Escazú is a Raleigh company, manufacturing small-batch single-origin chocolates. This seems
to be a growing trend, and it's one I applaud. Especially when they aren't trying to be strange --
or, at least, not at the expense of being delicious!
I was intrigued by their goat's milk bar. I like goat cheese -- kind of a lot -- but I had no idea
what it would do to milk chocolate to have goat's milk in the mix.
The result -- if you like goat cheese -- is very good. The goat's milk does not take over. It's
definitely chocolate. But there's a tang to it that definitely reminds me of goat cheese and I
regard this is a very successful mix.
But if you hate goat cheese, why in the world would you try this bar?
Instead, try the Escazú Sea Salt bar, or their straight 65% chocolate bar. No, these chocolates
didn't make me forget my favorites, but they are a worthy alternative and well worth trying.
They may become your favorites -- especially the sea salt.
If you don't live close to Midtown Olive Press, just google Escazu chocolate and you'll come to
their site. You can buy any of their bars; but you can only use Visa or MasterCard.
*
It's one of the best videos I've seen -- a short story about the power of words. It's about a blind
beggar, and a passerby who rewrites his sign and greatly increases the number of contributions.
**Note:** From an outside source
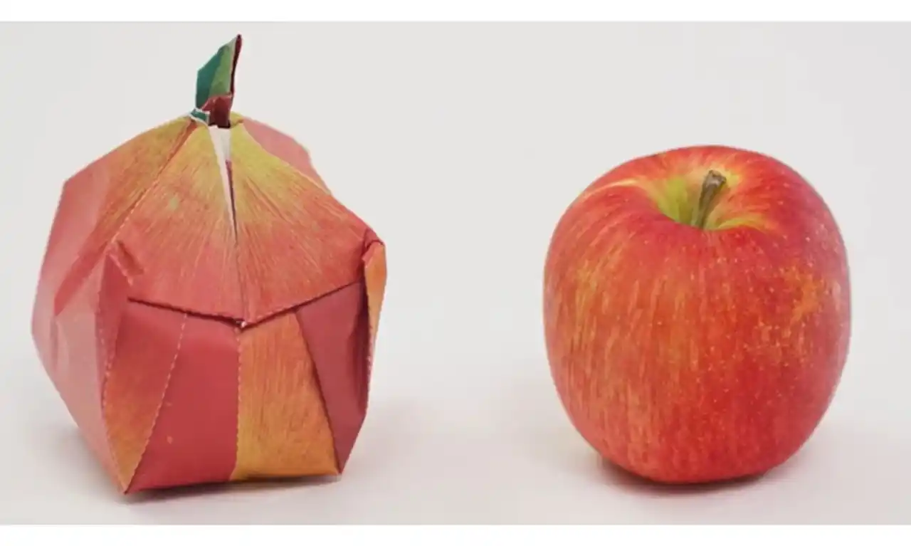 折り紙はあえて難易度を高め、りんご1個ができるまでの工程の多さや、農家さんがりんご栽培にかける手間・愛情を表現しています。 |
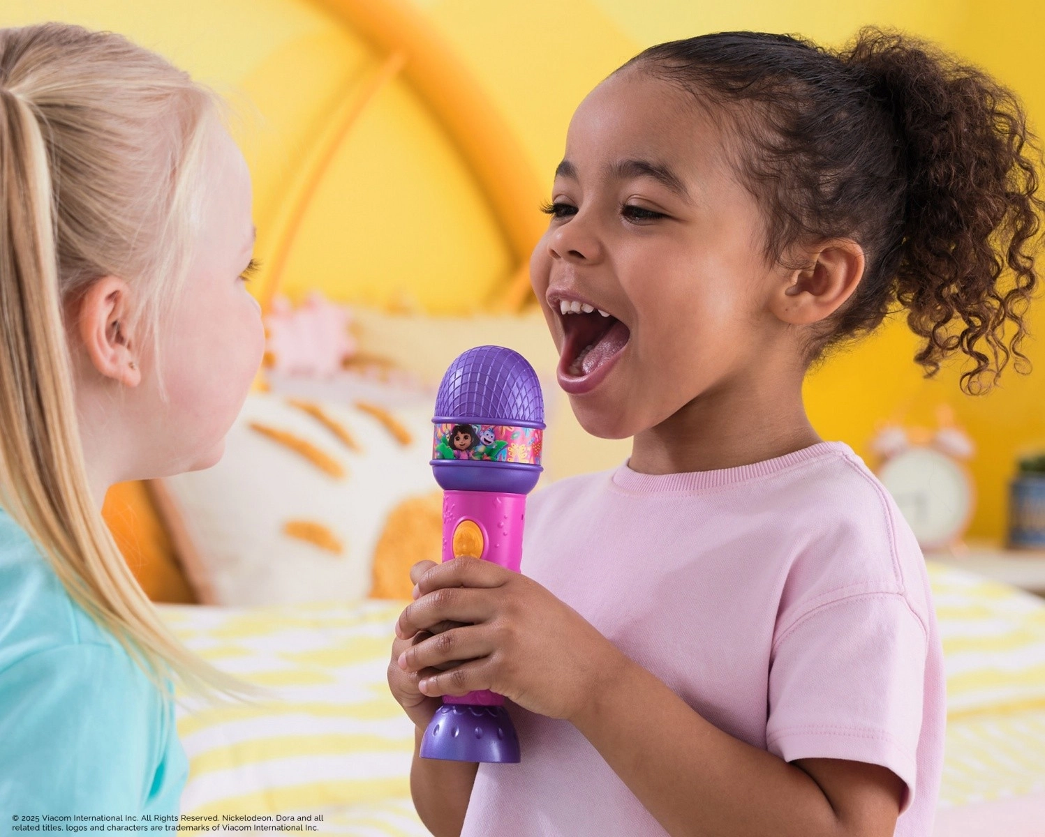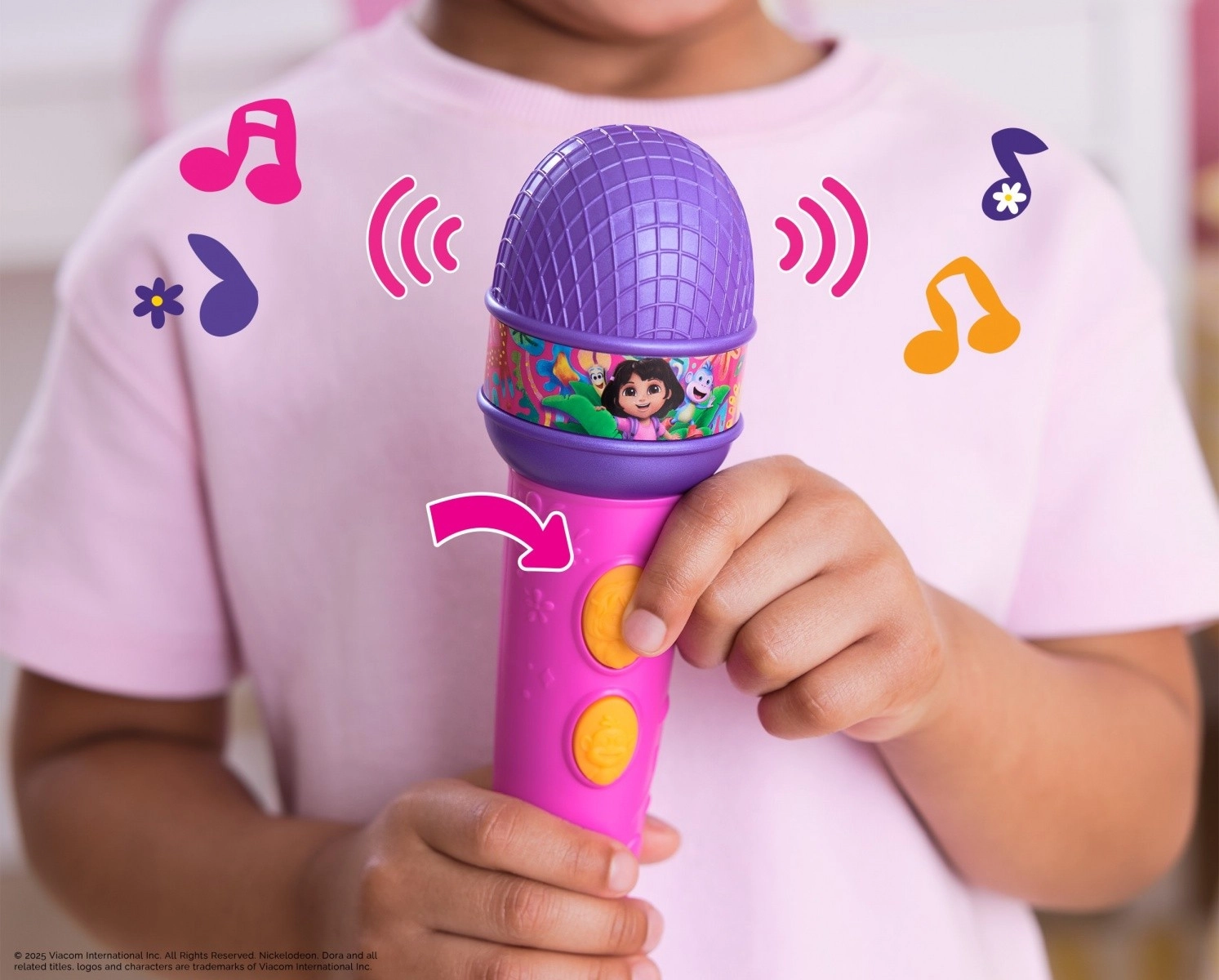 Discover the magic of singing with the DORA kids’ microphone! This colorful microphone offers sound effects, 5 favorite songs, and bilingual phrases from DORA and her friend Boots. With easy controls, kids will enjoy singing, dancing, and role play – it’s the ideal size for small hands and batteries are included.

See it at http://www.youtube.com/watch_popup?v=Hzgzim5m7oU&vq=medium
It comes from an online advertising company, and their point is that with the right words, you
can catch people's attention and persuade them.
Let's face it, an ad for an ad company has to be brilliant and memorable. If they can't sell
themselves well, why would you think they could sell your product?
This video makes me wish I had something for the people at Purple Feather to advertise for me.